Скромна работа другой русской девушки — Вари Смирновой: под минометным и ружейным огнем она, как драгоценную ношу, несет пачку с письмами на передовые позиции. Она мне сказала: «А как же иначе?.. Ведь все ждут писем, баз письма скука съест…»

Но не только к своим живо участие в душе русского, он понимает горе другие народов. Большая человеческая теплота чувствуется в обращении женщин многострадального Ленинграда к женщинам Лондона. Не раз бойцы меня расспрашивали о горе Парижа. Привелось мне присутствовать при том, как бойцы слушали заметку о голодной смерти, на которую гитлеровцы обрекли греков; и один боец, колхозник из Саратовской области, выслушав, сказал: «Вот ведь какая, беда!.. И как бы скорей перебить этих фрицев, людям помочь?» Наша ненависть к гитлеровцам продиктована любовью, любовью к родине, к человеку и к человечеству.
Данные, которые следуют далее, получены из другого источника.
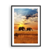 Plakat w czarnej ramie - Słonie wędrujące w blasku zachodzącego słońca - 50x70cm - Rodzinna przechadzka - Nowoczesna dekoracja ścienna do salonu i sypialni ARTTOR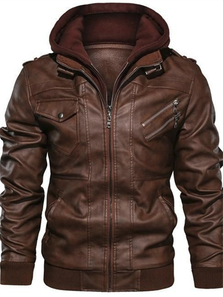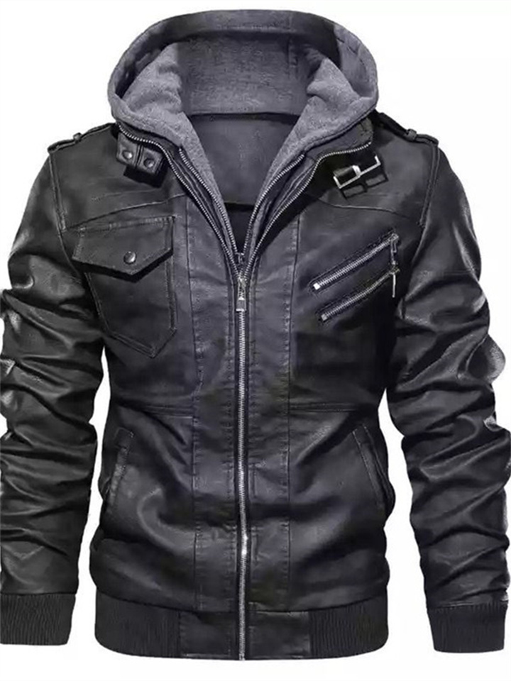 Autumn/Winter Casual Hooded Zipper Youth Black Stand-up Collar Men's Leather Jacket

В этом — сила нашей ненависти. В этом — ее оправдание. Сталкиваясь с гитлеровцами, мы видим, как слепая злоба опустошила душу Германии… Мы далеки от подобной злобы. Мы ненавидим каждого гитлеровца за то, что он — представитель человеконенавистнического начала, за то, что он — убежденный палач к принципиальный грабитель, за слезы вдов, за омраченное детство сирот, за тоскливые караваны беженцев за вытоптанные поля, за уничтожение миллионов жизней.